# Study material:
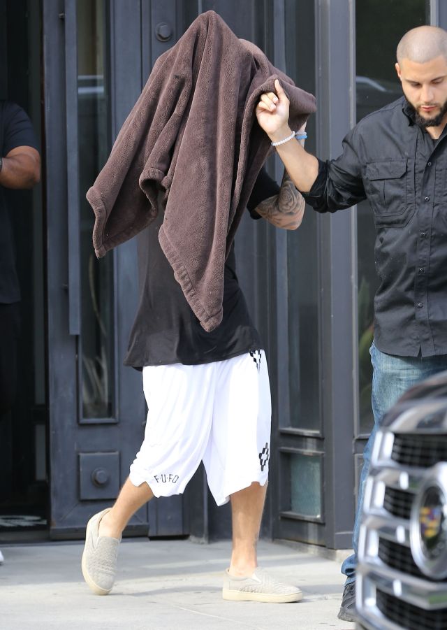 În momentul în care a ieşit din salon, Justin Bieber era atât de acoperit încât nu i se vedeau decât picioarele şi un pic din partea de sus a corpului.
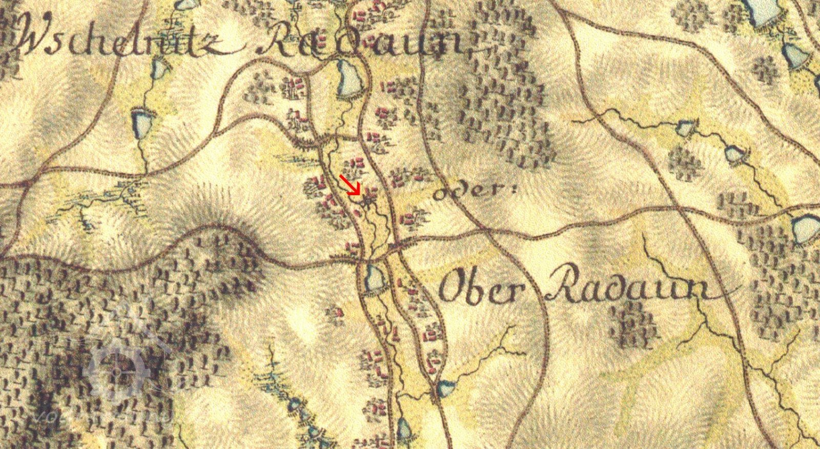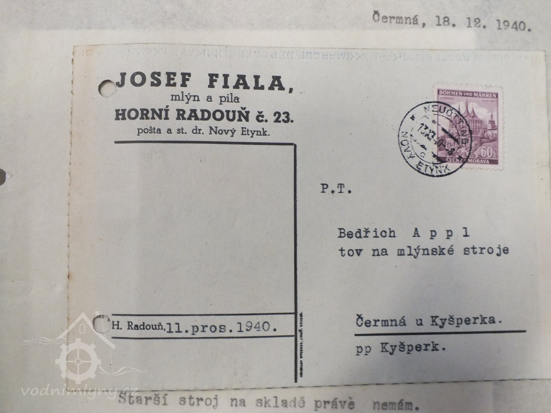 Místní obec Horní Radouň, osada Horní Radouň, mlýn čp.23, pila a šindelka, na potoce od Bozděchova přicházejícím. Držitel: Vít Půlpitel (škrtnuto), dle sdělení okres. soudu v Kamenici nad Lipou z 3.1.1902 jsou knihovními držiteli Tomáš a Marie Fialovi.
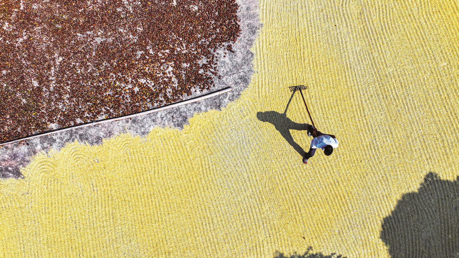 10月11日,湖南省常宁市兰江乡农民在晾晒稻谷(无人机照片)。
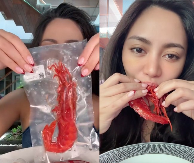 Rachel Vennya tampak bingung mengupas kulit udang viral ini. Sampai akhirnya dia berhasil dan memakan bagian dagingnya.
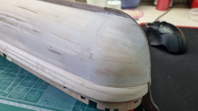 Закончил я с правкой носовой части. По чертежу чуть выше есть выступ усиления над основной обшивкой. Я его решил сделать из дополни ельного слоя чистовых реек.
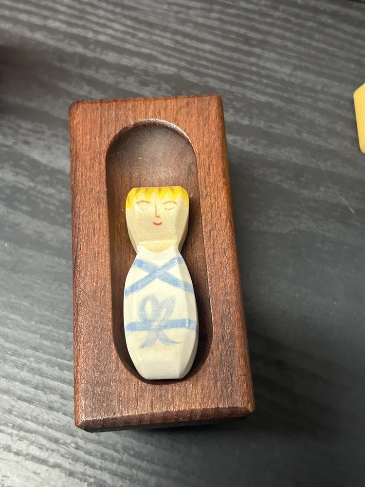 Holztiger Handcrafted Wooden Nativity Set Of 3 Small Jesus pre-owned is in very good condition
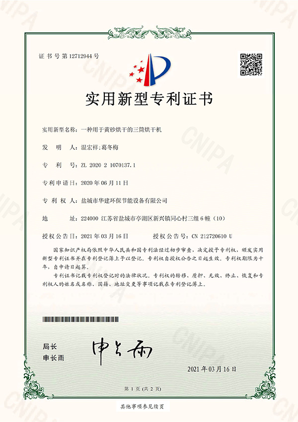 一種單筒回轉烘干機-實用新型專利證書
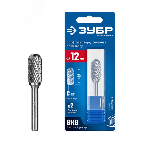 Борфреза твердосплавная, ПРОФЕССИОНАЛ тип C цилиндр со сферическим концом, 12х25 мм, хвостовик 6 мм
--
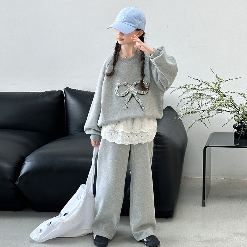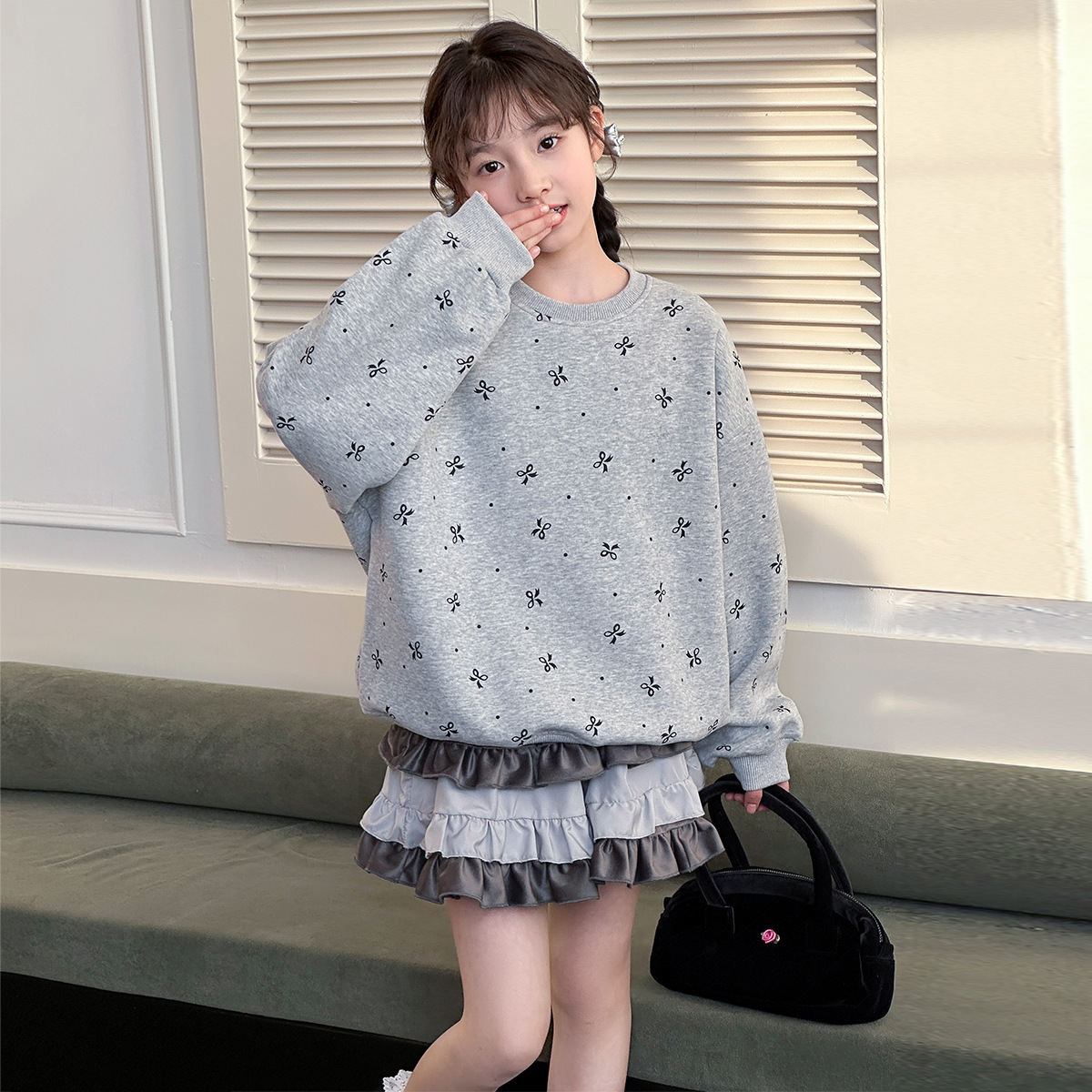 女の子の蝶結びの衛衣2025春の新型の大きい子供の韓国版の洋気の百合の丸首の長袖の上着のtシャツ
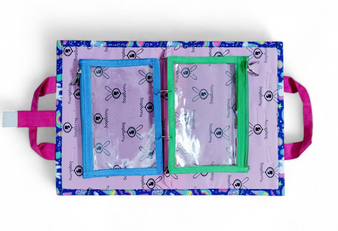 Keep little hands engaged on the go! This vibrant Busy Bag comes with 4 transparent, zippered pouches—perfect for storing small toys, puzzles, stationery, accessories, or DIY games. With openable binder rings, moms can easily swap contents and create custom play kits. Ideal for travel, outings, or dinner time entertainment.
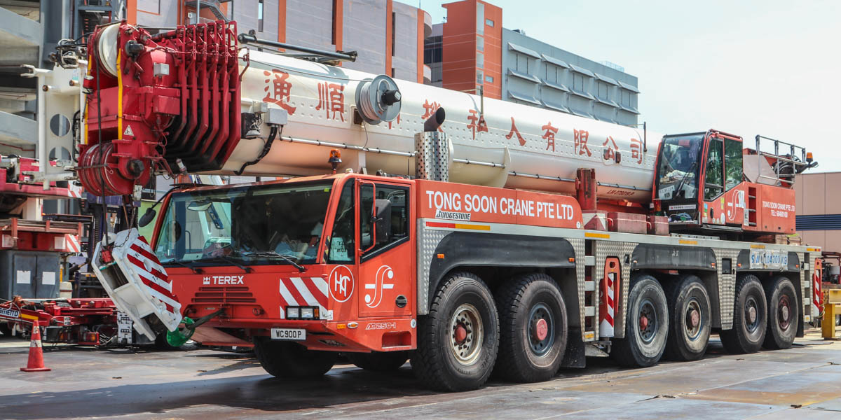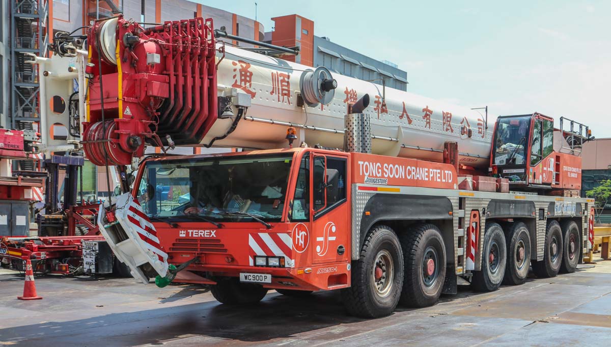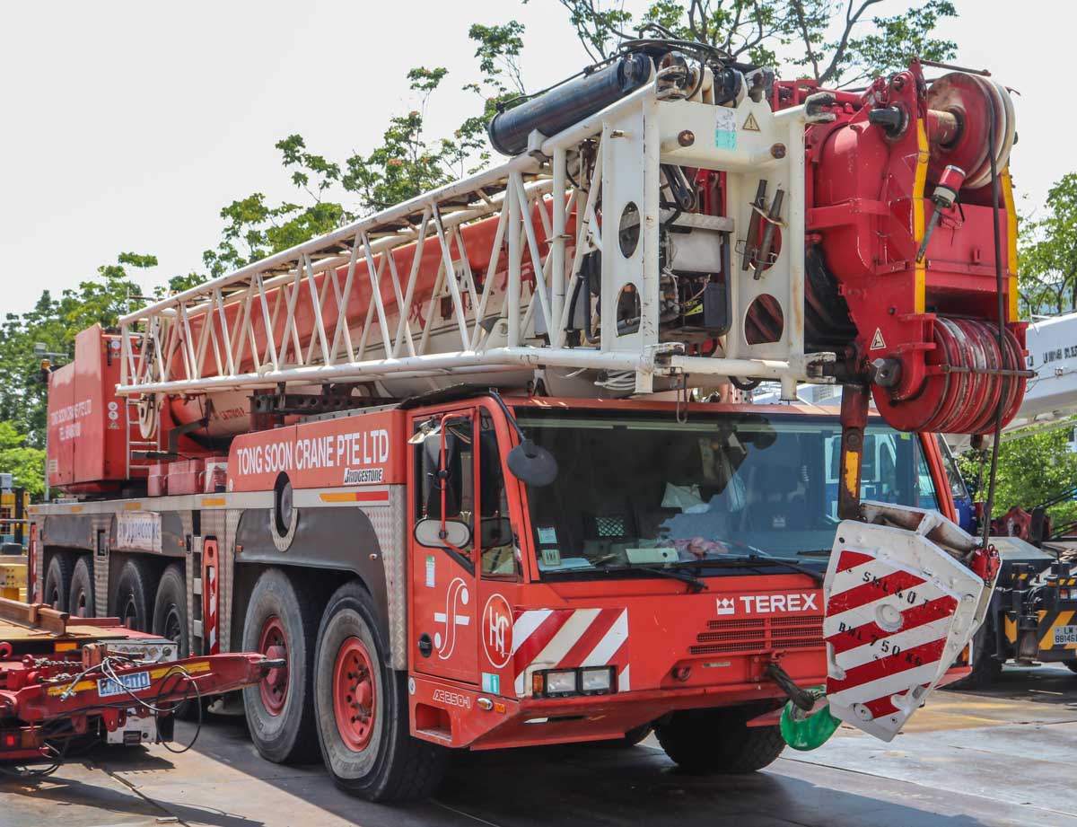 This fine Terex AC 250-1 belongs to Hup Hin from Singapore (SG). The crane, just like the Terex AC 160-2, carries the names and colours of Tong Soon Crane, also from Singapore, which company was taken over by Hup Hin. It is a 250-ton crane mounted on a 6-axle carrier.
==
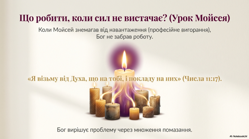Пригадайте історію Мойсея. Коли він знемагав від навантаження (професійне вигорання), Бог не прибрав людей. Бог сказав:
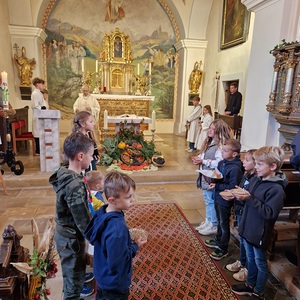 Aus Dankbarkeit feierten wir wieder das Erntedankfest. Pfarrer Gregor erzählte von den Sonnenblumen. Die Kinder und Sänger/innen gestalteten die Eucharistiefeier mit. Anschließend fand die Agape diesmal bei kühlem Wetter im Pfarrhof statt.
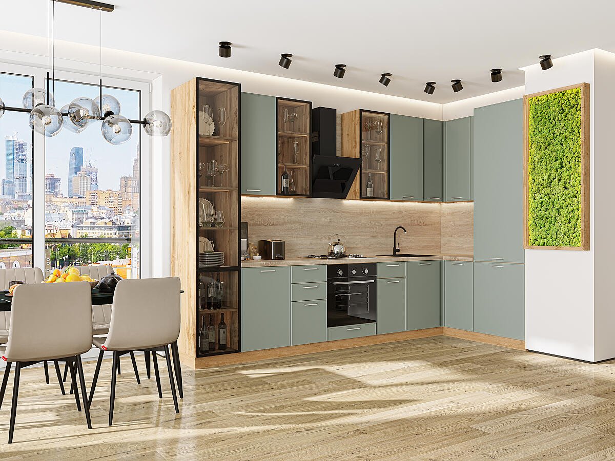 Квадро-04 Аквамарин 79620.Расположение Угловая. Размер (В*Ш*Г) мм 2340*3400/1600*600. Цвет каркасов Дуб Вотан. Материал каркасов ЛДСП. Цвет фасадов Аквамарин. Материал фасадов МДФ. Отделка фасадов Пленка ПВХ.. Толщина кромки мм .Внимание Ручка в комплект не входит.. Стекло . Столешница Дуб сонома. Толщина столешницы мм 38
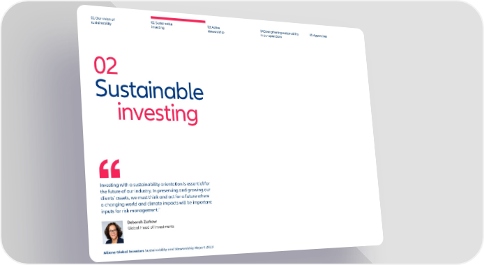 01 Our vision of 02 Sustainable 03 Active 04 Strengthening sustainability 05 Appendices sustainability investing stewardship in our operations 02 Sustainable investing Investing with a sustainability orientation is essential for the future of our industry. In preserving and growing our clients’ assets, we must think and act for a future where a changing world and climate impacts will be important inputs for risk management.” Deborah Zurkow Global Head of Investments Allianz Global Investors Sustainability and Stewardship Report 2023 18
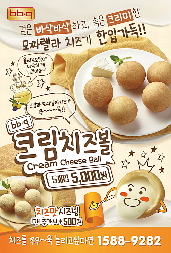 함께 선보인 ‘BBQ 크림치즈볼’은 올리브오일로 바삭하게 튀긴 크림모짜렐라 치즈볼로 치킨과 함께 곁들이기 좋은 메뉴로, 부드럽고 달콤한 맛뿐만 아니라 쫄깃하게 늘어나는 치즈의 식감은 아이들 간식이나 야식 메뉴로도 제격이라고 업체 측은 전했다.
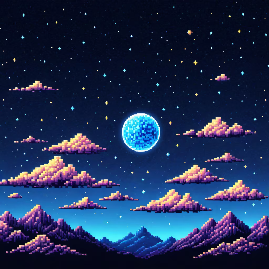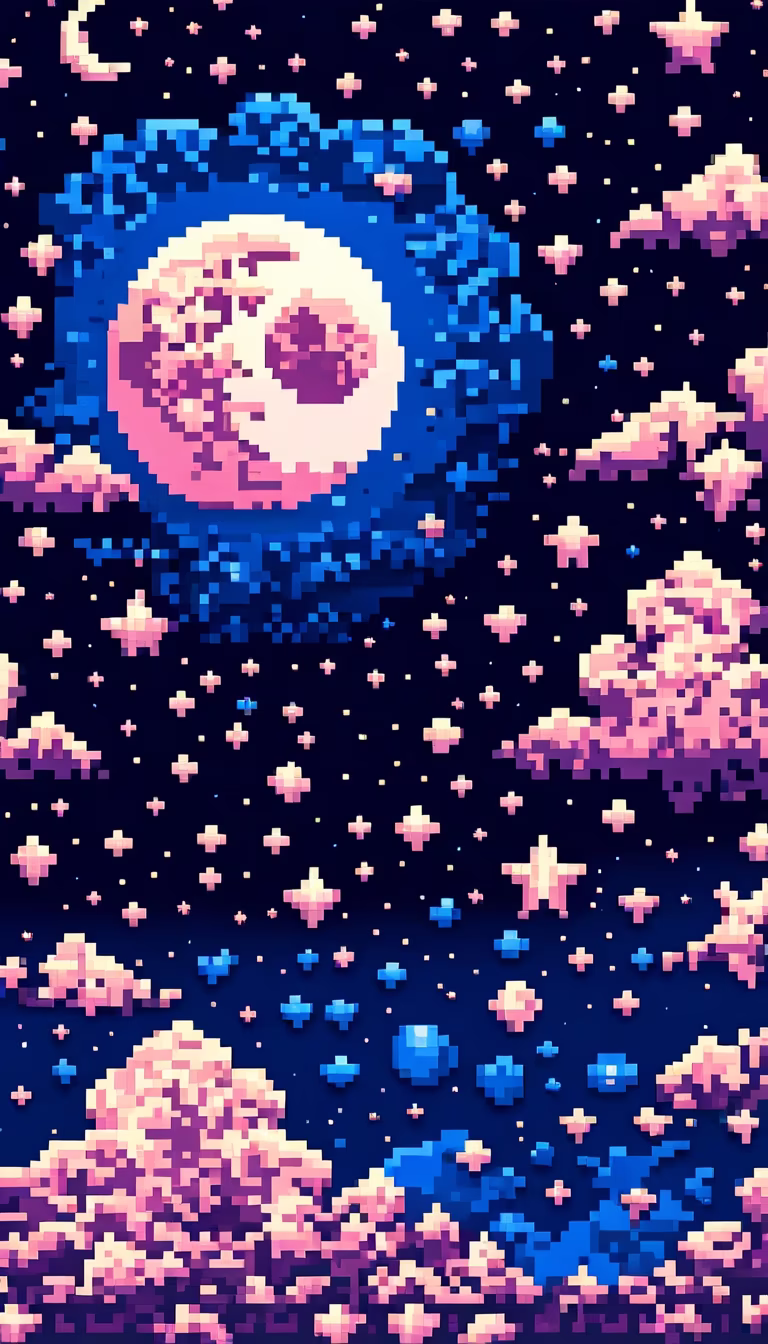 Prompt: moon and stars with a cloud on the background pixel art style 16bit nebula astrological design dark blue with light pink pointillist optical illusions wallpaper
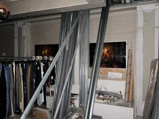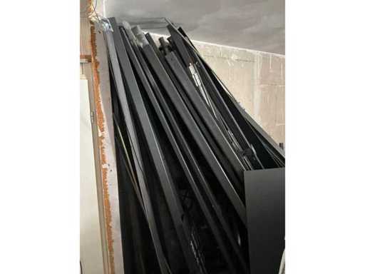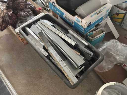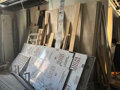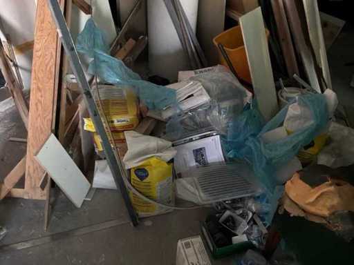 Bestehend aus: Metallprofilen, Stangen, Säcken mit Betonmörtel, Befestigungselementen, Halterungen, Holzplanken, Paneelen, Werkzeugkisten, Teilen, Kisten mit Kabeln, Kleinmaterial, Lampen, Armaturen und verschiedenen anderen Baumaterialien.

# Task objective:
In the listing above, find the line containing "În momentul în" and the line containing "10月11日,湖南省常宁市兰江乡农民在晾晒稻谷(无人机照片)。". Reproduce those lines and all between them exactly, with no pictures and nothing more.

# Reply to the task:
 În momentul în care a ieşit din salon, Justin Bieber era atât de acoperit încât nu i se vedeau decât picioarele şi un pic din partea de sus a corpului.
 Místní obec Horní Radouň, osada Horní Radouň, mlýn čp.23, pila a šindelka, na potoce od Bozděchova přicházejícím. Držitel: Vít Půlpitel (škrtnuto), dle sdělení okres. soudu v Kamenici nad Lipou z 3.1.1902 jsou knihovními držiteli Tomáš a Marie Fialovi.
 10月11日,湖南省常宁市兰江乡农民在晾晒稻谷(无人机照片)。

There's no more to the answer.